TASK ITEM: Would you copy exactly the lines in the data below from the one that has "点击左上角的恐龙图标能够打开" through the one that has "21. Name and", dropping any pictures?

RECORDS SUPPLIED:
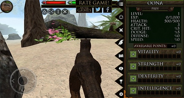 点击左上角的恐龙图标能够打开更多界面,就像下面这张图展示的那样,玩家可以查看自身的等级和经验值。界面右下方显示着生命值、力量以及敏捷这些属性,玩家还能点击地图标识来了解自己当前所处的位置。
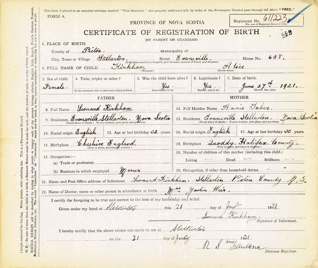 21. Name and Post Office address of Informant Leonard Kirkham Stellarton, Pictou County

==

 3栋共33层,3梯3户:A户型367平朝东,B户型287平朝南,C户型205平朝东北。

TASK RESULT:
 点击左上角的恐龙图标能够打开更多界面,就像下面这张图展示的那样,玩家可以查看自身的等级和经验值。界面右下方显示着生命值、力量以及敏捷这些属性,玩家还能点击地图标识来了解自己当前所处的位置。
 21. Name and Post Office address of Informant Leonard Kirkham Stellarton, Pictou County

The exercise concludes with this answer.